- PROBLEM STATEMENT
Copy out exactly the lines spanning the line with "Bu uygulama, hem" to the line with "GDT analysis: largest", inclusive, from the data underneath, with no pictures.

- SOURCE MATERIAL
○ ○ ○ ○

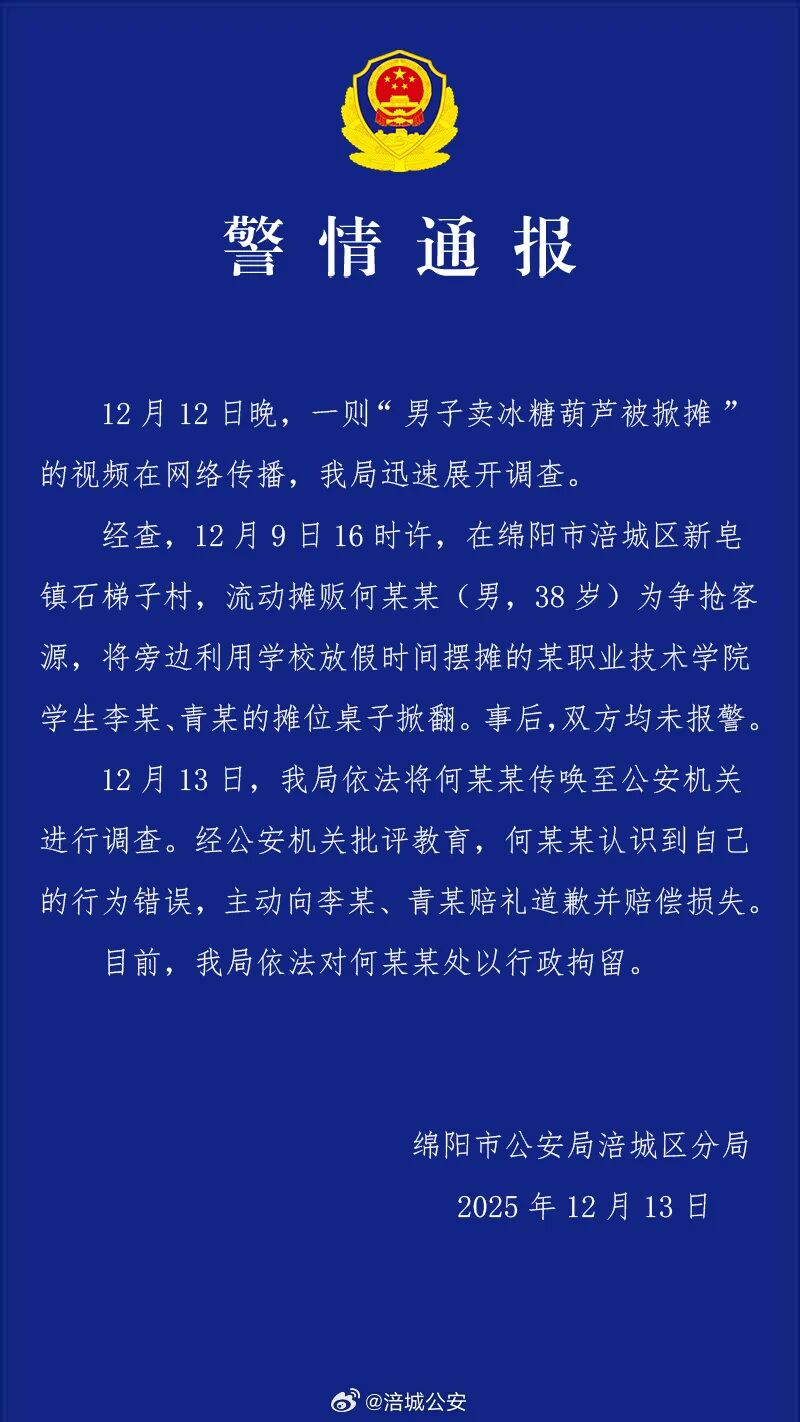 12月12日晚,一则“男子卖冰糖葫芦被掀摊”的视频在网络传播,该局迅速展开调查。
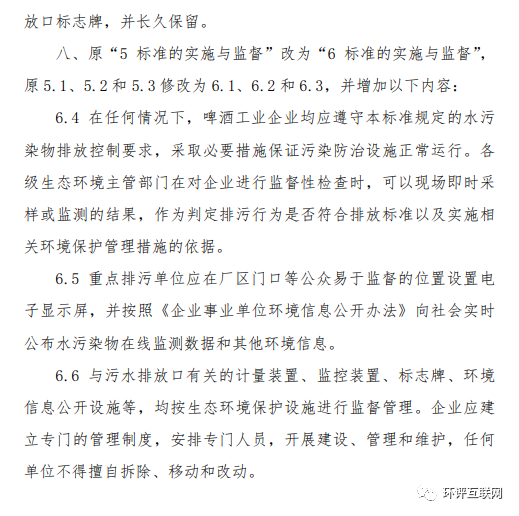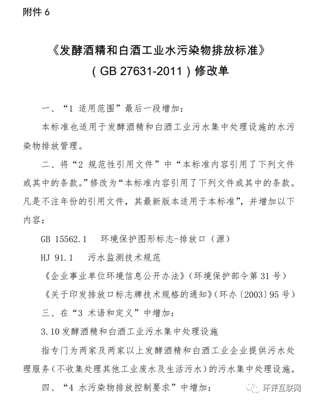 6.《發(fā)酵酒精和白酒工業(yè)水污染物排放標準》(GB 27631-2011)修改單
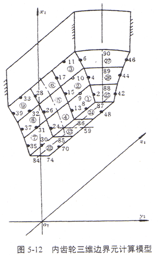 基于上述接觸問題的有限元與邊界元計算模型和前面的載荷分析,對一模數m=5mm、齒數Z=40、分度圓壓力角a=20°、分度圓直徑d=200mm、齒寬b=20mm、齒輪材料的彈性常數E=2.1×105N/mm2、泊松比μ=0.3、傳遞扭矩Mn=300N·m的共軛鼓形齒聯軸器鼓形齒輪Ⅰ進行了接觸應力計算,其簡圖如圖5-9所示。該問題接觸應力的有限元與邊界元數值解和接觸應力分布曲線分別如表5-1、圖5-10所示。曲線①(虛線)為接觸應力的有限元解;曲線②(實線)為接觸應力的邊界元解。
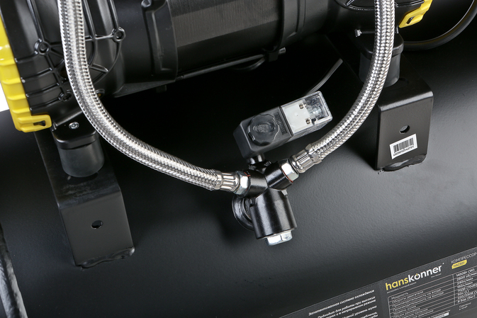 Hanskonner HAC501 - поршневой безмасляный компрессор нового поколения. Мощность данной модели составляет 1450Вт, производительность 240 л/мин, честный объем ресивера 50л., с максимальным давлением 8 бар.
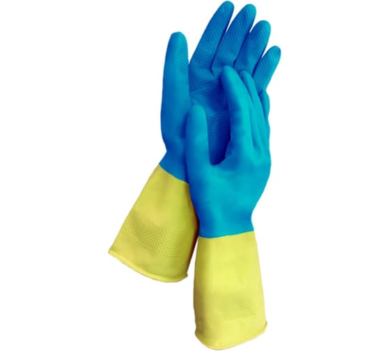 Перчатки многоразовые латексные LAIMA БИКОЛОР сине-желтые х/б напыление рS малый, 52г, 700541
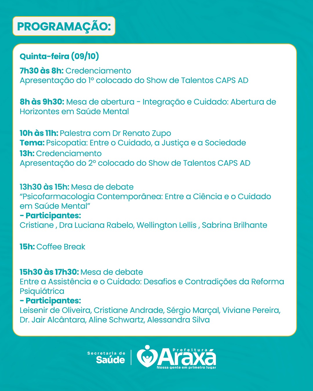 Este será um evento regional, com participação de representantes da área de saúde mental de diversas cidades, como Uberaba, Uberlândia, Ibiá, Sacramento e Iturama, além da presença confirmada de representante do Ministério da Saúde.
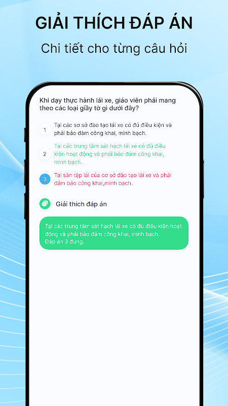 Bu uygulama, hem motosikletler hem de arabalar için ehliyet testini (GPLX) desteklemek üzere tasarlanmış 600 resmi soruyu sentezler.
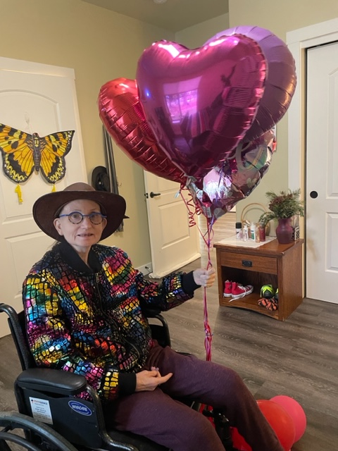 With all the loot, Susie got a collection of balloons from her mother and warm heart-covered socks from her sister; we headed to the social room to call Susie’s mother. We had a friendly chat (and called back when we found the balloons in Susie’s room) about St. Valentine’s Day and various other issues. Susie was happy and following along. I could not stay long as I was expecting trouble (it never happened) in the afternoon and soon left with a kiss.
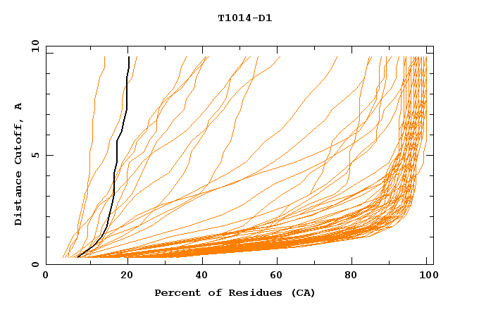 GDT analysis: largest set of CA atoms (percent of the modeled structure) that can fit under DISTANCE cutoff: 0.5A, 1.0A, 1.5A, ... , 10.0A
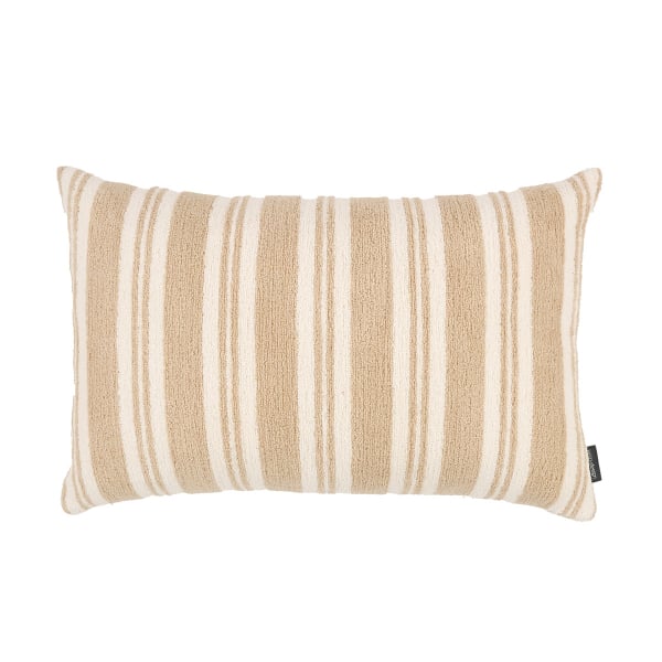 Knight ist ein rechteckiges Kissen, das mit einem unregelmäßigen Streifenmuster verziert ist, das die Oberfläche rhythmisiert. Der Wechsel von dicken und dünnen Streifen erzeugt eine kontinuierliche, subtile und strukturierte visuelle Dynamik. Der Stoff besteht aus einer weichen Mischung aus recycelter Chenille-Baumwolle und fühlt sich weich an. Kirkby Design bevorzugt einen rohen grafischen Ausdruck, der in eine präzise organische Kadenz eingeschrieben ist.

○ ○ ○ ○

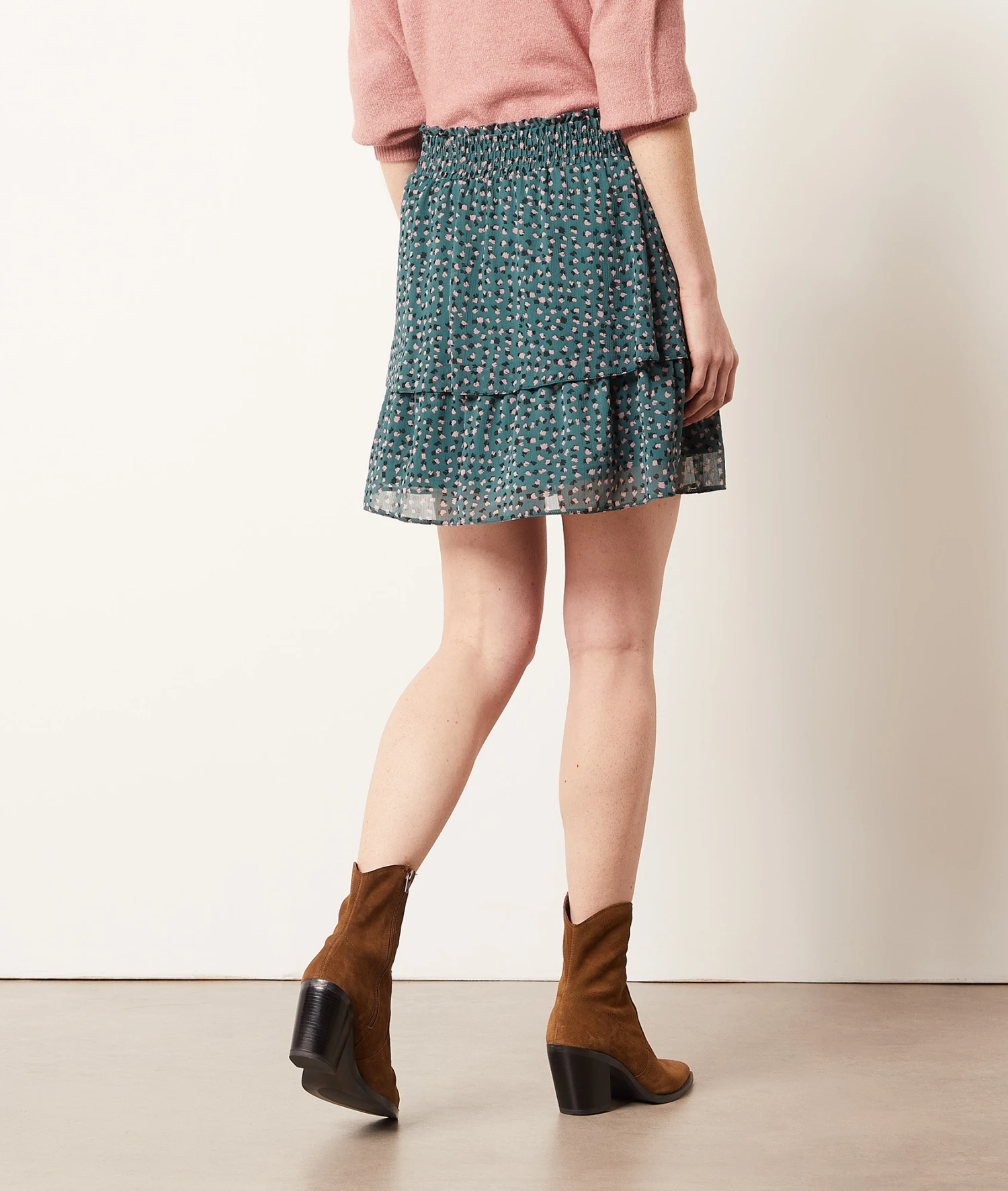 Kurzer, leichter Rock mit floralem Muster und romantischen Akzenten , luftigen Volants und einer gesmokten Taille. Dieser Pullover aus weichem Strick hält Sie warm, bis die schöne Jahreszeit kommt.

○ ○ ○ ○

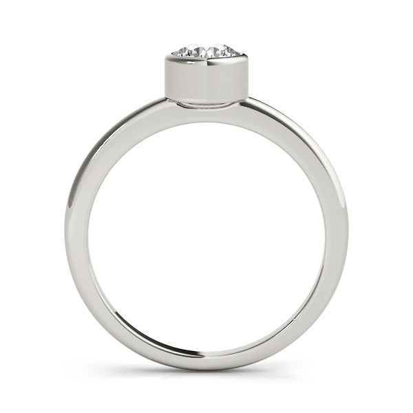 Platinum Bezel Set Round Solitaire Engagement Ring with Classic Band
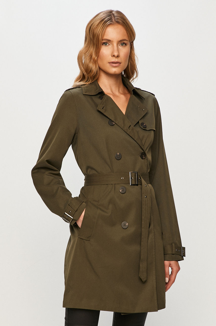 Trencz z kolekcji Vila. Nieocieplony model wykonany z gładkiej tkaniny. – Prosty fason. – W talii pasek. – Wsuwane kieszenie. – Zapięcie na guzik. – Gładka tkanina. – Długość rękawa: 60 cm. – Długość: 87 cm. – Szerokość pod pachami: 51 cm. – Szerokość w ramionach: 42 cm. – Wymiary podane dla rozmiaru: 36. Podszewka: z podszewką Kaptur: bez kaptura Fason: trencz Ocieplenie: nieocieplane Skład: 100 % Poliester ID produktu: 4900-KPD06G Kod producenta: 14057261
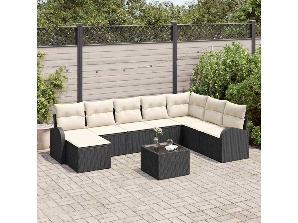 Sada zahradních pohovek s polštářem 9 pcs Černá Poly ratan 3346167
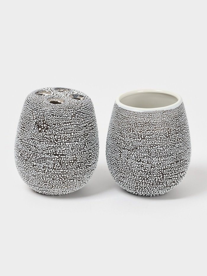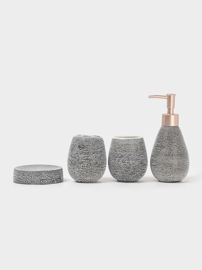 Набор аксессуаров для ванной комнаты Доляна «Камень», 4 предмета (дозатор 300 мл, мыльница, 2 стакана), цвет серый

○ ○ ○ ○

- RESPONSE TO THIS EXERCISE
 Bu uygulama, hem motosikletler hem de arabalar için ehliyet testini (GPLX) desteklemek üzere tasarlanmış 600 resmi soruyu sentezler.
 With all the loot, Susie got a collection of balloons from her mother and warm heart-covered socks from her sister; we headed to the social room to call Susie’s mother. We had a friendly chat (and called back when we found the balloons in Susie’s room) about St. Valentine’s Day and various other issues. Susie was happy and following along. I could not stay long as I was expecting trouble (it never happened) in the afternoon and soon left with a kiss.
 GDT analysis: largest set of CA atoms (percent of the modeled structure) that can fit under DISTANCE cutoff: 0.5A, 1.0A, 1.5A, ... , 10.0A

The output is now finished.